§ Exercise inputs:
== == ==

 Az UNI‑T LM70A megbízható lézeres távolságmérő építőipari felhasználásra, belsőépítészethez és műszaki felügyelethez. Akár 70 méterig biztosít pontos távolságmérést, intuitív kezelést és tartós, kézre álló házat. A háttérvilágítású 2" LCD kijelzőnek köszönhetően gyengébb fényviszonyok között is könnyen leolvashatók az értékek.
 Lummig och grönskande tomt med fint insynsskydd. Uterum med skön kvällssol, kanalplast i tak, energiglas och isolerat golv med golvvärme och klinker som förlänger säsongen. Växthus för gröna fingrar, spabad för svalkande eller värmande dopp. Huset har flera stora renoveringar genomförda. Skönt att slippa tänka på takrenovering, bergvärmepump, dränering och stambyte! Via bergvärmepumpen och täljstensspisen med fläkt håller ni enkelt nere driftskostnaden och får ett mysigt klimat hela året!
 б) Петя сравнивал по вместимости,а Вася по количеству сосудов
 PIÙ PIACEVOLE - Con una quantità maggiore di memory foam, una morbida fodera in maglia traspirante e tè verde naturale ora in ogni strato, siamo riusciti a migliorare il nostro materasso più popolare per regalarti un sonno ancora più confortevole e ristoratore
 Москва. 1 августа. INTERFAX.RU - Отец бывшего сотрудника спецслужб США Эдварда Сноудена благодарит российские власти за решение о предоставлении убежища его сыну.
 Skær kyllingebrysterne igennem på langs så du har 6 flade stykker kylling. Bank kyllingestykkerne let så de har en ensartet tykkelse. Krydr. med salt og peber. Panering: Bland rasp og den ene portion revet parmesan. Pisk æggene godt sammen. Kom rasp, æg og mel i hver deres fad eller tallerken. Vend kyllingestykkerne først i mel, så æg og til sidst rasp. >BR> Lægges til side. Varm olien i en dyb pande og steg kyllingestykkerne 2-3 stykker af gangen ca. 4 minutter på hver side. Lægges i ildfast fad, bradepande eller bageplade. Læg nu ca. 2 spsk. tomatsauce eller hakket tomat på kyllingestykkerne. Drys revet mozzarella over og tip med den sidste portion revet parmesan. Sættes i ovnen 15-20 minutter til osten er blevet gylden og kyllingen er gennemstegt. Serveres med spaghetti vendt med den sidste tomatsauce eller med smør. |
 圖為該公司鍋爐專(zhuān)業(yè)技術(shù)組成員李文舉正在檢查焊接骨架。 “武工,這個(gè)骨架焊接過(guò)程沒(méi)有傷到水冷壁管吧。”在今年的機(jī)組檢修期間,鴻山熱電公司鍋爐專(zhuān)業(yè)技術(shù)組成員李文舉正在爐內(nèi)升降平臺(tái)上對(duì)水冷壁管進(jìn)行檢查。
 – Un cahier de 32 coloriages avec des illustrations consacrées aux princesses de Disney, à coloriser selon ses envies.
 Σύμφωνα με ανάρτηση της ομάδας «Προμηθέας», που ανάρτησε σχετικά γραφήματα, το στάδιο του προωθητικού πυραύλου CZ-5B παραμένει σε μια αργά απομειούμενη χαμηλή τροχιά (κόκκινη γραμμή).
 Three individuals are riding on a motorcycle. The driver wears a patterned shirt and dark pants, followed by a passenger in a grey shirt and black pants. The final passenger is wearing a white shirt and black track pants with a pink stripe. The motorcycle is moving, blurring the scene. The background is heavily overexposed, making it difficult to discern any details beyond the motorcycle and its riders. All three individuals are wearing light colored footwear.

== == ==

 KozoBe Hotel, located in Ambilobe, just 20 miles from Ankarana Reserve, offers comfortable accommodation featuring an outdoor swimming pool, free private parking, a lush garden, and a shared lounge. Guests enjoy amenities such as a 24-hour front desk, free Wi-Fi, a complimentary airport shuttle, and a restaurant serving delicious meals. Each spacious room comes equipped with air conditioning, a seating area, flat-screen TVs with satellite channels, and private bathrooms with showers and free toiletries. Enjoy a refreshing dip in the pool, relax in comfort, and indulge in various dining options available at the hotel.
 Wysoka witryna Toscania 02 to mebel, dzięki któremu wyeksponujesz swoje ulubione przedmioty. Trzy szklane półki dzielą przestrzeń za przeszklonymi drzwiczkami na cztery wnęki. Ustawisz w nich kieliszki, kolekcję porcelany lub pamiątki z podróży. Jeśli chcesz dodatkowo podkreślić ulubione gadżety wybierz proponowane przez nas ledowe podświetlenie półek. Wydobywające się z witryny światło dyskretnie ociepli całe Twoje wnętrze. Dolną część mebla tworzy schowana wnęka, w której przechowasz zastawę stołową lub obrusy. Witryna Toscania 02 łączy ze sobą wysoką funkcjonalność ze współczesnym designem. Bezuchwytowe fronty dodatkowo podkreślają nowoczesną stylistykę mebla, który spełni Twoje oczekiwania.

== == ==

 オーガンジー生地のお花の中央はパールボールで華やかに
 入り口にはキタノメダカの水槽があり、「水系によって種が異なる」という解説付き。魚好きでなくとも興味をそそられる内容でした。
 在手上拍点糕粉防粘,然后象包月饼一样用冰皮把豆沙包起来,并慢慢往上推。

== == ==

§ Exercise requirements:
After locating the line with "Skær kyllingebrysterne igennem" in the material above, return it and each line after it exactly, ending at the line with "Σύμφωνα με ανάρτηση".

§ Solved problem:
 Skær kyllingebrysterne igennem på langs så du har 6 flade stykker kylling. Bank kyllingestykkerne let så de har en ensartet tykkelse. Krydr. med salt og peber. Panering: Bland rasp og den ene portion revet parmesan. Pisk æggene godt sammen. Kom rasp, æg og mel i hver deres fad eller tallerken. Vend kyllingestykkerne først i mel, så æg og til sidst rasp. >BR> Lægges til side. Varm olien i en dyb pande og steg kyllingestykkerne 2-3 stykker af gangen ca. 4 minutter på hver side. Lægges i ildfast fad, bradepande eller bageplade. Læg nu ca. 2 spsk. tomatsauce eller hakket tomat på kyllingestykkerne. Drys revet mozzarella over og tip med den sidste portion revet parmesan. Sættes i ovnen 15-20 minutter til osten er blevet gylden og kyllingen er gennemstegt. Serveres med spaghetti vendt med den sidste tomatsauce eller med smør. |
 圖為該公司鍋爐專(zhuān)業(yè)技術(shù)組成員李文舉正在檢查焊接骨架。 “武工,這個(gè)骨架焊接過(guò)程沒(méi)有傷到水冷壁管吧。”在今年的機(jī)組檢修期間,鴻山熱電公司鍋爐專(zhuān)業(yè)技術(shù)組成員李文舉正在爐內(nèi)升降平臺(tái)上對(duì)水冷壁管進(jìn)行檢查。
 – Un cahier de 32 coloriages avec des illustrations consacrées aux princesses de Disney, à coloriser selon ses envies.
 Σύμφωνα με ανάρτηση της ομάδας «Προμηθέας», που ανάρτησε σχετικά γραφήματα, το στάδιο του προωθητικού πυραύλου CZ-5B παραμένει σε μια αργά απομειούμενη χαμηλή τροχιά (κόκκινη γραμμή).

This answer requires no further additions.